Opinion
67057.
DECIDED JANUARY 16, 1984. REHEARING DENIED FEBRUARY 7, 1984.
D. U. I., etc. Coweta Superior Court. Before Judge Lee.
Harold E. Gill, Jr., for appellant.
Arthur E. Mallory III, District Attorney, Robert H. Sullivan, Assistant District Attorney, for appellee.
Appellant was convicted of the offenses of possession of a firearm by a convicted felon (Count I), driving under the influence of alcohol (Count II), and fleeing and attempting to elude a police officer (Count III). The present appeal arises only from the conviction on Count I.
1. Appellant first contends that the trial court erred in denying his motion for directed verdict of acquittal and subsequent motion for new trial based upon an asserted insufficiency of evidence to prove appellant's possession of a firearm. The applicable statute, OCGA § 16-11-131 (Code Ann. § 26-2914), prohibits possession of a firearm by a convicted felon. Subsection (a) (2) defines the term "firearm" to include "any handgun, rifle, shotgun, or other weapon which will or can be converted to expel a projectile by the action of an explosive or electrical charge." Appellant's argument essentially propounds the necessity for testimony by a qualified ballistics expert to prove that the instrument at issue is presently capable of firing or that it could be converted for such use. In support, appellant points to federal statutes defining various categories of firearms in terms of operability. See 18 USCA App. § 1202 (c) (3), (5), (6) and (7). However, we decline to interpret OCGA § 16-11-131 (a) (Code Ann. § 26-2914) to require such showing. We do not believe that the legislature contemplated the necessity of proving the operability of the instrument where it is shown that the convicted felon possessed any of the weapons listed within the statutory definition of firearm.
The state presented uncontradicted evidence in the form of the testimony of Officer Brown, the arresting officer, that while appellant was being handcuffed, he reached into his back pocket, whereupon Brown held appellant's arms while Officer Pritchett, the assisting officer, checked appellant's pocket. Brown stated that Officer Pritchett removed from appellant's pocket a handgun, a .38 calibre RG derringer. The question before the jury was, thus, whether or not appellant possessed a handgun, a firearm under OCGA § 16-11-131 (a) (2) (Code Ann. § 26-2914). The unrebutted testimony showed that he did and the jury was authorized to so find. See Castle v. State, 165 Ga. App. 128 ( 299 S.E.2d 424) (1983). We find no error in the trial court's denial of appellant's motion for directed verdict and for new trial.
2. Appellant next assigns error to the state's references to appellant's previous felony conviction. We note initially, and appellant concedes, that "proof of the previous felony conviction was a necessary element of the State's proof under [OCGA § 16-11-131 (Code Ann. § 26-2914)], and that introduction of evidence of that previous conviction during trial of the issue of guilt was not error." Prather v. State, 247 Ga. 789, 790 ( 279 S.E.2d 697) (1981). Upon introduction of appellant's previous conviction without objection, the jury was properly instructed that the conviction was to be considered only in relation to Count I. During the state's closing argument, appellant objected to references to the previous firearms violation conviction as being offered to prove a pattern, scheme, or motive of firearms violations. The transcript does not include closing argument by the state, only the portion containing the objection at issue.
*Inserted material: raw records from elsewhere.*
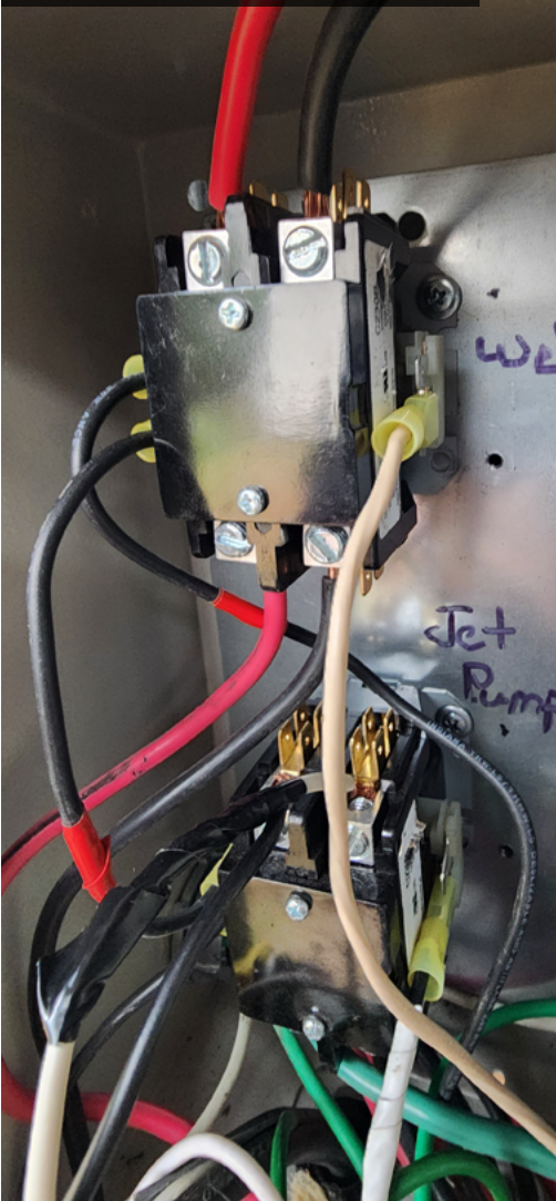
Well pump wires covered only with electrical tape

It is not uncommon to find live wires protected more by electrical tape than sheathing!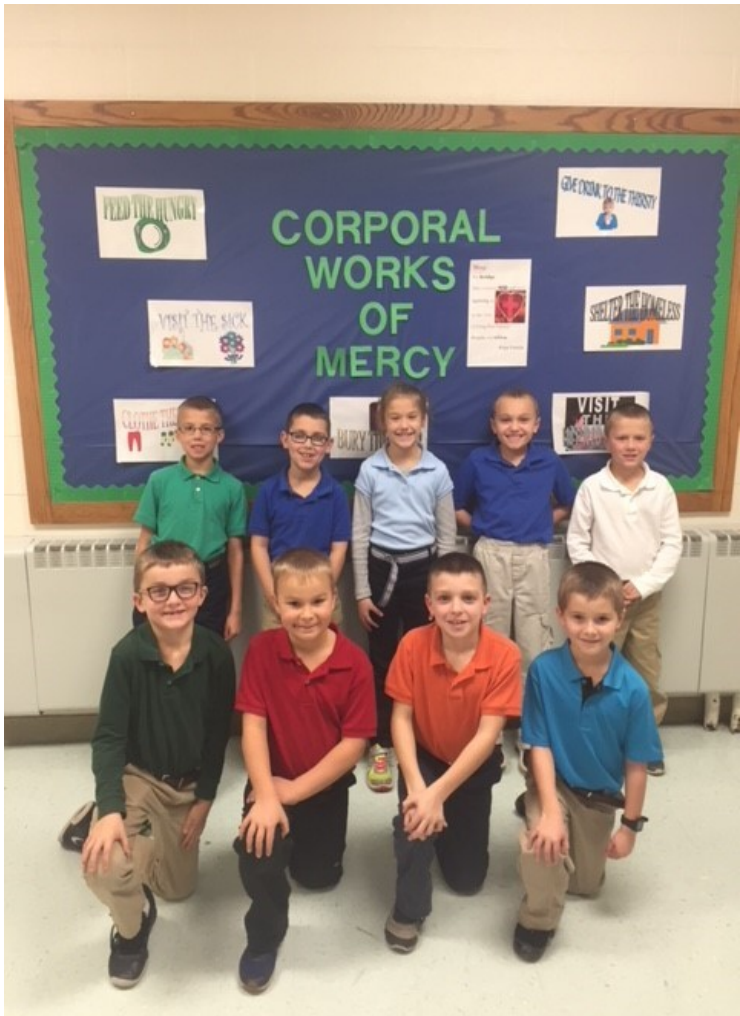
Pictured are the St. Anthony School Second Grade Students that recently participated in their first Sacrament of Reconciliation. Congratulations to all public and St Anthony Students for their commitment to their catholic faith.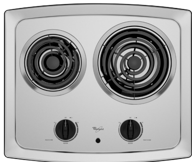
Stainless Steel RCS2012RS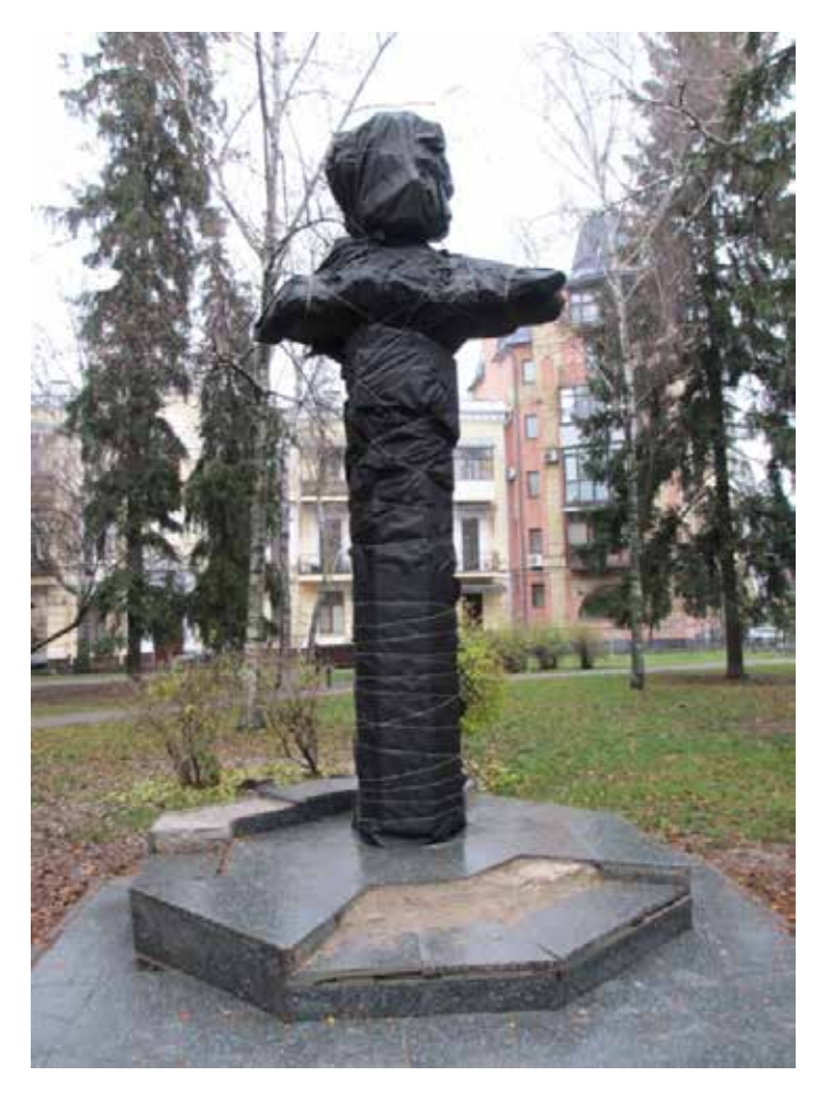
Figure 7: Monument to Pushkin in Poltava. November 2022.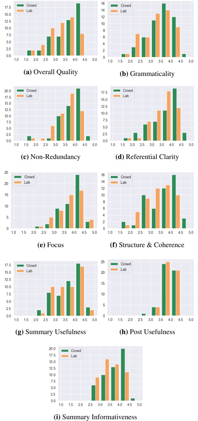
Figure 2: Histogram of Crowd (green) and Laboratory (orange) Ratings

Results are presented for the scores overall quality (OQ), the five intrinsic quality scores (including grammaticality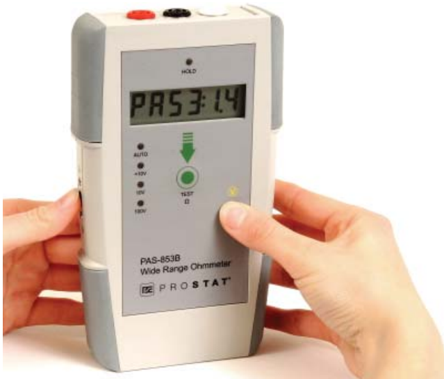
Figure 15: Press and Hold the MODE button while sliding the Main Power to ON.

However, in overruling the objection, the trial court explained that the jury had already been charged on the use to which the evidence of the previous conviction was limited. Moreover, the jury was again instructed in this regard prior to retiring for deliberations. In light of the limiting instructions given by the trial court, we find no error sufficient to provide a basis for reversal. See generally Biggers v. State, 162 Ga. App. 163 (2) ( 290 S.E.2d 159) (1982).
Judgment affirmed. Quillian, P. J., and Sognier, J., concur.